Review: Worms: Crazy Golf

November 10, 2011, Author: James Joell-Ireland

Would you associate a couple of worms with golf? Not unless their guts ended up on the bottom of your driver! The only other association I could make is Tiger Woods, because rumour has it, the woman he cheated with had worms, crabs and other horrible creatures living in her… Eugh! I’ll stop there.

When I first heard the announcement that Team 17 were working on a Worms game that did not actually follow the tried and tested formula, I was a little concerned. Could this be the start of more franchising of the series; what next? Worms Pinball? To my amazement, that has already been done.

So, is the Worms’ venture into Crazy Golf a standard spin-off with no quality, or does it have potential. Let’s give this game a swing!

From the fairway to the coffin!
Tasked with a small number of clubs, it is your duty as a worm to beat your opponents in a standard match play scenario. The career mode itself is based over three of the game’s courses, which each have 18 holes. These courses also have stop-gap challenges from the other game modes found in the game.

Oddly, Worms: Crazy Golf does not run on an average par over the 18 holes, you actually need to hit par or better to progress through the course. The better the score per hole, the better score you get and ratings per hole. For those a fan of PSN trophies, they are easy to get on this game.

2D Golf?
So, what actually makes this game different from other non-realistic golfing titles, such as Golf: Tee It Up and Everybody’s Golf? Well, first it uses the classic 2D worms perspective, so already, visually it is a massive difference.

Then we have the power-ups available to you. A ball that gives you extreme power, parachute attachments, bouncing balls (a free DLC download, which also includes a new course at no cost), heavy ball and time slowdown are just a few of the power-ups you can expect to use. Just don’t expect to see them available to you straight away; you have to unlock them playing career mode.

Don't be deceived by the green pastures, this is a tough course!

What also makes Worms: Crazy Golf different to other golf games out there, are the cross-course variables. Teleportation devices, cannons to shoot from, extreme wind and moving obstacles all will help aid or hinder your score.

There are some instant similarities between this game and the classic worms title. The power meter feels exactly at home and if you hit spectator worms they actually die, Thing is, when these worms die, they explode and can kick your ball closer to the pin, getting a hole in one using that method is ultimately satisfying!

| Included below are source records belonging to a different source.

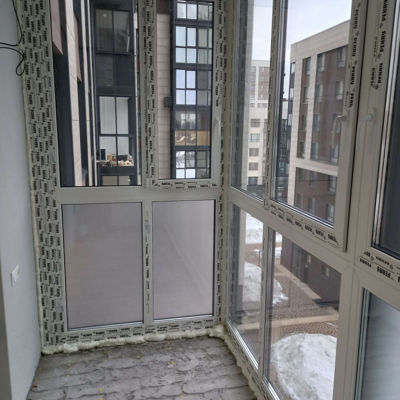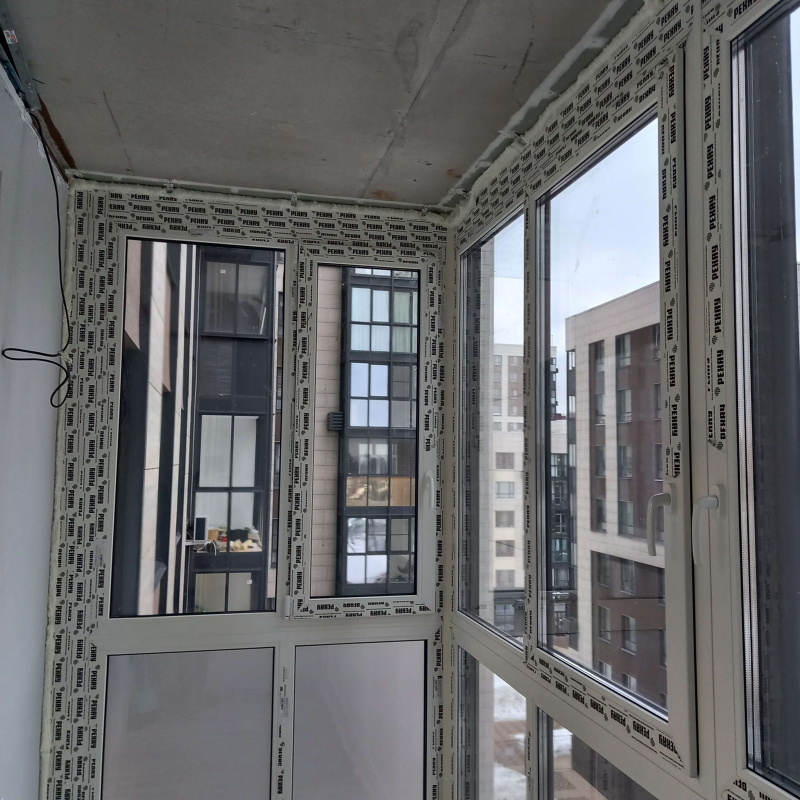 Выполнено: Французское остекление балкона в новостройке профилем REHAU Intelio 80, вывоз мусора.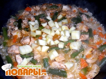 Если фасоль свежая - порезать на кусочки. Обжарить ее вместе с морковью, белым луком и мясом на масле.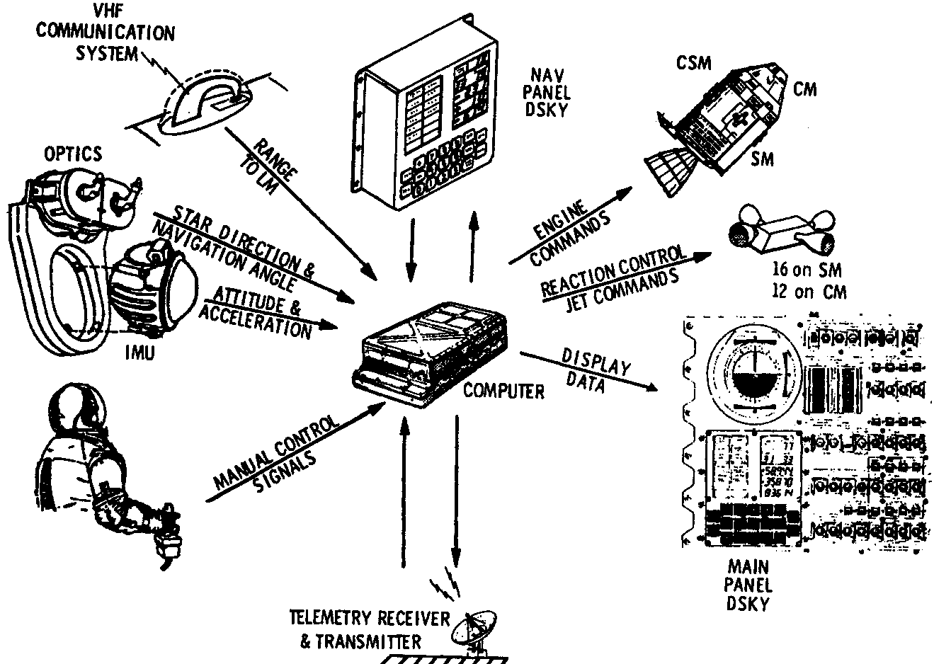 Aus der Abbildung ist auch ersichtlich, dass die manuelle Steuerung ebenfalls über den AGC läuft und somit keineswegs unabhängig vom Computer ist. Die Architektur des AGC lässt sich in sieben Bereiche unterteilen: Zeitgeber (timer) - für Synchronisierungsimpulse Sequenzgenerator (sequence generator) - regelt die Ausführung der Maschineninstruktionen durch Steuerimpulse Zentralprozessor (central processor) - Berechnungen Speicher (memory) - aufgeteilt in Festspeicher und beschreibbaren Speicher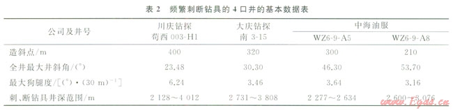 在Æ311.2mm井眼鉆至2128m開(kāi)始,先后發(fā)生了3次Æ127.0mm鉆桿加厚過(guò)渡消失區(qū)刺穿失效,其后又在Æ215.9mm井眼內(nèi)發(fā)生2次Æl27.0mm加重鉆桿中接頭刺穿失效,前后更換2套Æl27.0mm鉆桿無(wú)效,第3次更換Æl27.0mm Sl35×9.19mm大水眼鉆桿,約1個(gè)月后鉆具刺漏現(xiàn)象再次出現(xiàn),并在14d內(nèi)連續(xù)發(fā)生9次幾乎相同的鉆具失效。縱觀鉆具失效特征有3個(gè)共性:①失效部位都發(fā)生在距母接頭螺紋臺(tái)肩400~800mm范圍內(nèi),鐓粗帶過(guò)渡消失區(qū);②9次失效中有7次都發(fā)生在距井口400~600m的側(cè)鉆狗腿附近;③9次失效都發(fā)生在Æ215.9mm井眼用PDC鉆進(jìn)工藝過(guò)程中,最高轉(zhuǎn)速達(dá)90r/min(圖1)。表2是收集到的幾起類似鉆具失效井的相關(guān)數(shù)據(jù)。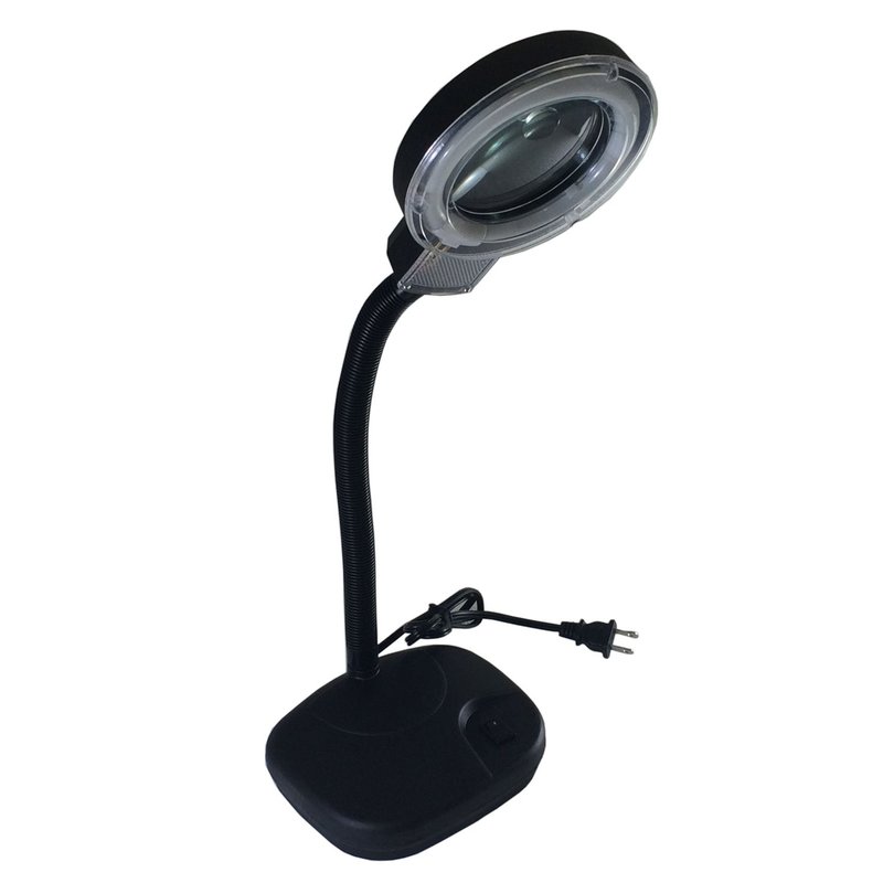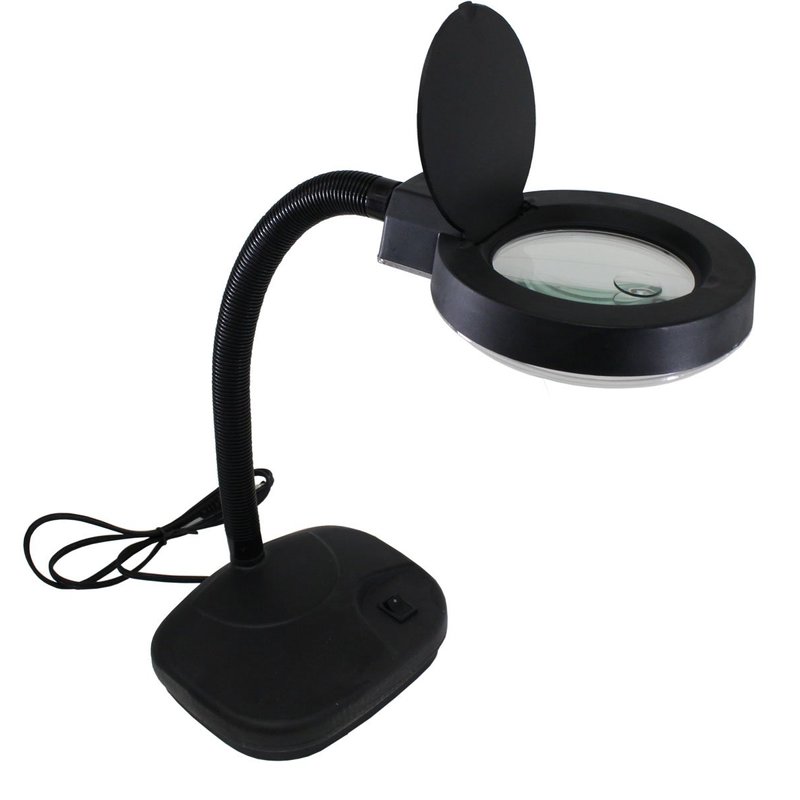 ELUCIDATE 2-in-1 5x Black Magnifier & Table Lamp (MG-99550), your versatile companion in crafting, reading, and executing precise tasks. Standing on a sturdy base with a sleek black finish, this essential tool embodies functionality and style.Constructed with a powerful 3½" (8.9 cm) diameter magnifier that hosts a 3 diopter/8 diopter lens, this innovative lamp ensures a distortion-free magnification, elevating your focus to the smallest details. Lift the flip-top cover to reveal the magnifier or keep it closed for a regular fluorescent desk lamp, illuminating your workspace with an 11W (11W) fluorescent light bulb. Its adaptable 12" (30.5 cm) flexible gooseneck directs a cool, steady stream of light exactly where needed, fostering optimal visibility at all angles.Operated with an easily accessible on/off switch located on the base, and powered by a 110V (110V) regular household current, the lamp is designed for seamless integration into your home or office environment. Adding to its array of features is a replaceable round fluorescent bulb, which guarantees longevity and consistent lighting.Whether you're a hobbyist needing a detailed view of intricate pieces, a student burning the midnight oil, or a professional aiming for precision in your craft, this lamp caters to a wide spectrum of users. The sleek design ensures it occupies minimal space on your table or countertop, making it a must-have for small and large workspaces alike.

If getting a par or better isn’t your bag, then expect the many challenge modes to keep you interested. While heartbreaking for the Welsh contingency, you can actually kill sheep! Nice! You can have a blast at chip-in challenges, target practice and attempt to keep your ball moving as much as possible in ‘keepie ups’; which uses the classic mine weapon in the traditional games but this time to your aid.

Mix the career mode, challenges, level bonuses and unlockable items and the replay value is clear as day.

A lesson in colour
If Team 17 have done anything to make you want to buy this game, it certainly is with their work on the graphics. The courses are beautiful, while also fitting, and while textures are limited, they are undoubtedly sharp. It has a high quality gloss about it that cannot be faulted.

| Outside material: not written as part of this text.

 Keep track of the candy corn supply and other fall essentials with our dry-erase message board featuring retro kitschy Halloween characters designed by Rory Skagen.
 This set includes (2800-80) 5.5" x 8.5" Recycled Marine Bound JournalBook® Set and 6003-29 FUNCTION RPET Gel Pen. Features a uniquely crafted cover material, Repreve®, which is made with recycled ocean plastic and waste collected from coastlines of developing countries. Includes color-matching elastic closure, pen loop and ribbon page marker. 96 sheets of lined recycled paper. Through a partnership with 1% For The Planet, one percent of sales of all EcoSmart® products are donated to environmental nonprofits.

From a carnival, graveyard, desert and farmland, each course differs immensely and helps serve up a new experience every 18 holes.

Characters are nicely animated, whether it be the sheep losing its wool every time it gets hit with a ball, the landscape of the courses, or even the spectators dying when they get hit. Boom! Another gravestone created.

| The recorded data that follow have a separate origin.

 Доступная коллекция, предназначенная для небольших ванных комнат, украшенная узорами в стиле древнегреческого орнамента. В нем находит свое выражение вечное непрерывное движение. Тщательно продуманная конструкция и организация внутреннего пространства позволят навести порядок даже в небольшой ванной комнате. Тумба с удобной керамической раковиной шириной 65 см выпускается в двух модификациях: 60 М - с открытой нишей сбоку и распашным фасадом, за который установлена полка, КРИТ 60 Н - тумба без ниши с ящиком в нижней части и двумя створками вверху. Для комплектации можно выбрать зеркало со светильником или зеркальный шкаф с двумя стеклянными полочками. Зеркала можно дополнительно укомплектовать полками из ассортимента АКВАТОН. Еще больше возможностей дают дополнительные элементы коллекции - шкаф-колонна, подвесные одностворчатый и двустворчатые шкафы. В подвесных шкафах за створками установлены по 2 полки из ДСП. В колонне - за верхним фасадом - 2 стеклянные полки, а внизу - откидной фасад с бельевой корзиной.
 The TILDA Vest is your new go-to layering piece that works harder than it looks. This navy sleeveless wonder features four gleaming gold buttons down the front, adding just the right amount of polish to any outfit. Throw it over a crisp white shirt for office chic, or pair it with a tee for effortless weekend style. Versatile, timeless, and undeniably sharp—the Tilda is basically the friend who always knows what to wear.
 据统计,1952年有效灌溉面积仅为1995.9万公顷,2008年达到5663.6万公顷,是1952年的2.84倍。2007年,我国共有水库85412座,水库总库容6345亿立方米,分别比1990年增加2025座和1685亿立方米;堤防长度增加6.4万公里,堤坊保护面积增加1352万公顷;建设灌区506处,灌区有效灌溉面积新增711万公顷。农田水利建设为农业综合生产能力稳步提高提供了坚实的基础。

All those token sounds, rekindled
I said that the game draws reference to the original worms games, and it does, From its uniformed art style straight through to the game’s sound, fans of Worms will be instantly drawn to this game.

Squeaky phrases such as ‘Kamikaze!’ and ‘Stupid!’ bring back the familiarity we loved about the original game. Power-ups have satisfying sound-bytes and the BGM for each course is fitting throughout. Nothing irritates here and nothing feels out-of-place.

It’s local or be vocal…
Perhaps the biggest surprise to Worms Crazy Golf for me, was the lack of online multiplayer. The absence of this could only have been a decision made due to time constraints, as there is little rationale behind not considering it at all. So, for all things multiplayer (with the exception of a leader board system) you’re restricted to hot-seat multiplayer. Two of you take turns on a standardised course of your choice, and it is very much a shot by shot affair, however, you’ll have access to all the courses from the beginning and power-ups that are necessary to complete the course.

Arnold Palmer woz 'ere

It is fun though, watching your opponent fall by the wayside as you sink that magical eagle. It adds to a rather satisfying experience; albeit when you are social enough to invite friends over. No other multiplayer game modes are available, though the scope to add more via DLC is most certainly there.

Fan pressure could possibly see the addition of online multiplayer, but don’t hold your breath.

The Eagle has landed
Worms: Crazy Golf is certainly no cheap cash in. It is a title that packs much value for money and is damn slick throughout every aspect of the game; I couldn’t find any annoyances at all.

It is fun to play and the par criteria system in career mode means you have to work hard to complete the game’s challenging courses. It’s most certainly worth a swing of your debit card at £6.29. Bargain!